The Failure Mode Is Accepting the Spec

Everything above describes a negotiation. The failure mode worth naming is what happens when no negotiation occurs.

Engineering accepts the latency target as a constraint. They go away and architect to it. The fast model they swap in produces subtly worse outputs on a class of inputs the eval doesn't cover well. The tool the agent stops calling was the one that prevented a category of hallucination nobody had named yet. The verifier they removed was catching a unit-conversion bug once a week. None of this shows up in the launch metrics because the launch metrics are latency and CSAT — and CSAT is high because the agent is fast and confident, and users won't know the answer is wrong until later.

Six months in, the team is fighting a quality regression they cannot localize. Every commit since the launch is a candidate. The actual culprit is the launch itself: an unpriced latency target that traded capability for speed without anyone owning the trade. The PM doesn't remember asking for the model swap. Engineering doesn't remember being asked. The decision happened in the gap between the spec and the architecture, and the gap was a blind spot.

The discipline that closes this gap is small and procedural. Latency targets in product specs require an engineering counterproposal before they become commitments. The counterproposal names the capability tradeoff in the units the conversion table uses. If product accepts the tradeoff, it goes in the spec alongside the latency number — "two seconds, no verifier pass, expected accuracy 84% on the standard eval." If product doesn't accept it, the latency number changes. Either way, both numbers move together, and both are owned.

Latency Is a Cross-Functional Constraint, Not a Performance Metric

The architectural realization underneath all of this is that latency in agent systems is not a performance metric to be optimized in isolation. It is a constraint that prices every architectural choice downstream — tool calls, model selection, verification depth, retrieval breadth, planning horizon. The team that treats it as a performance metric optimizes a single number and ships an agent whose other numbers got worse without anyone noticing. The team that treats it as a constraint runs the negotiation, builds the conversion table, shows the cliff, and ships an agent whose tradeoffs are explicit.

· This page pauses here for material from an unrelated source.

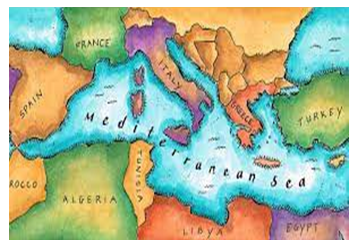 Mediterranean sea (بحیرہ روم) situated among

The conversation is uncomfortable the first few times you hold it. PMs are used to latency being a thing engineering owns. Engineering is used to product specs being requirements rather than starting points. The conversion table feels like overkill until the first time a PM looks at it and says "oh — I didn't realize the verifier was buying us that much." After that conversation, every subsequent negotiation is shorter, because both sides have a shared vocabulary for what a second of latency actually buys.

The agents that ship well in 2026 are not the ones with the lowest latency or the highest accuracy. They are the ones whose tradeoffs were chosen, not inherited. The team that runs the negotiation owns its product. The team that doesn't is delivering somebody else's spec, written with no knowledge of the cliff.